Smoked Brisket

by Mike Bradley

When I think of food cooked on a smoker, I think first and foremost about brisket. Juicy, smoky beefy flavor. Done properly, there is just no beating it. It takes time, attention to detail and patience. I’m going to tell you just how to get that perfect brisket.


When preparing a brisket for the smoker, unlike a lot of other cuts of meat you won’t want to brine it. The beef flavor should be the real show and you don’t want undertones of apple getting in the way. That being the case, the best place to start is with the rub. Salt, pepper, garlic powder and onion powder are the standard ingredients for a simple brisket rub. I like to add some garlic salt and chili powder. Neither of these will really show up on the palate, but I always put them in anyways. I like to put on the rub and then cover the meat in the refrigerator for about 24 hours.


On the day you’re smoking it, take the brisket out of the fridge about 1-2 hours before cooking so that the meat gets to be near room temperature. During this time it’s best to have your coals lit and calming down if you’re using a true smoker. Once the brisket has become about room temperature and the smoker is holding a nice 225°F, it’s time for it to go on the smoker, fat side up. Maintaining 225°F a brisket will take 1 – 1 1/2 hours per pound to cook. They say about 1/2 pound per person is enough, but I know I eat more than that and I like leftovers, so I always go well above that estimate.

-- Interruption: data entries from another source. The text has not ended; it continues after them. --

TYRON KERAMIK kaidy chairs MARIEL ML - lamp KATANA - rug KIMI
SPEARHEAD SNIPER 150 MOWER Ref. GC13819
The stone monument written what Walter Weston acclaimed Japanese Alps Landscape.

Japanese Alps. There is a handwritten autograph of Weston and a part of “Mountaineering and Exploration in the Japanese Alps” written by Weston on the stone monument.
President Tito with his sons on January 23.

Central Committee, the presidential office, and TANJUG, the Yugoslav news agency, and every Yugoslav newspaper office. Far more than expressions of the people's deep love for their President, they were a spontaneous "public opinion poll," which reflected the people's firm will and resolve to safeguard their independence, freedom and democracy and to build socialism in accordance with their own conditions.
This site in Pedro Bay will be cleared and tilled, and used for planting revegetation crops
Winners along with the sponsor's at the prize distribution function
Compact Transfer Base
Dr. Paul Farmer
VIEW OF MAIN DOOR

Some people like to inject their brisket with beef stock before cooking, but I’ve never needed to do such a thing. This is more common in competitions where judges may only eat one small piece from each contestant, so every single possible piece has to be perfect. To achieve the juiciness that is desired I prefer to wrap the brisket in foil after about 6 hours on the smoker, adding a little bit of beef stock inside the foil. This also helps to steam the meat past the 140°F “dead zone” or “slow zone”. Covering the meat after 6 hours doesn’t dial down the smokiness. After 6 hours, a cut of beef has absorbed about as much smoke as it can anyways. Now to the most important piece of advice about smoking brisket. Patience. Don’t open that smoker to check until you’re going to wrap it. Don’t peek, don’t take temperature, just let it be. Keep the temperature consistent and you’ll come out with a fantastic brisket.

Post Smoking

The next important step once your brisket is fully cooked to an internal temperature above 180F is to remove it from the smoker and cover it for about an hour. This lets the meat and juices rest. You’ll have a much easier time trimming and you won’t lose as much juice in that process.

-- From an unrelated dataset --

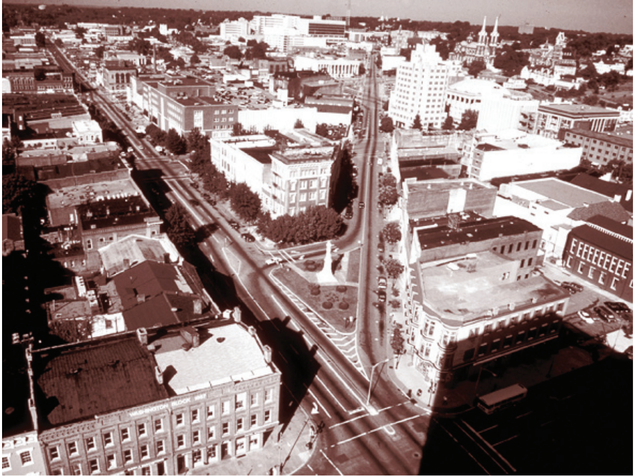
Historic Downtown Macon

began settling the land surrounding the fort. During the War of 1812, Fort Hawkins was an important site for the housing and distribution of troops. After 1819, however, the fort was no longer in use and the buildings gradually fell into disrepair.

When cutting a cooked brisket you’ll want to go against the grain and make nice long cuts on the flat. The flat is the part of the meat that has a more straight side. The point is the pointed or angled side. About 2/3 to 3/4 of the way down you’ll finish cutting the flat and begin into the point. When you do, be sure to turn to the meat to continue cutting against the grain because it changes. Next part is the best…

Eat it!

I like to have brisket in just about as many ways as possible. Plain with some barbecue sauces is my favorite but tacos, sandwiches, on salad… pretty much however you want it brisket is delicious. I served this brisket with Rasberry BBQ, Bourbon Mustard BBQ, and Honey BBQ sauces (recipe coming soon). 😉

Brisket Rub Recipe & Smoking Instructions


  • 1 tbsp salt
  • 1 tsp pepper
  • 1 tsp garlic salt
  • 1 tsp garlic powder
  • 1 tsp onion powder
  • 1 tbsp chili powder
  • 1 brisket (at least 1/2 pound per person)
  • Yellow mustard


  1. Combine all of the dry seasoning into a bowl.
  2. Using your hands, slather the meat with a little bit of yellow mustard to give the rub something to stick to. Then, apply the dry rub mixture until the brisket is nicely covered.
  3. Cover the brisket and place in the refrigerator for about 24 hours. (A disposable roast pan with lid works well.)
  4. Take the brisket out of the refrigerator about 1 or 2 hours ahead of starting the smoking process. The meat should be as close to room temperature as possible. While it rests, prepare the smoker to reach 225°F.
  5. Place the meat on the smoker fat side up. Smoke the brisket for 1 to 1 1/2 hours per pound (so, for example, a 5 pound brisket should stay on the smoker between 5 and 7 1/2 hours).
  6. After 6 hours, wrap the brisket in foil and add a little bit of beef stock inside the foil. Continue cooking until the meat reaches an internal temperature of 180°F. Then, remove it from the smoker and cover it for about an hour.
  7. Cut the brisket against the grain of the meat, then enjoy!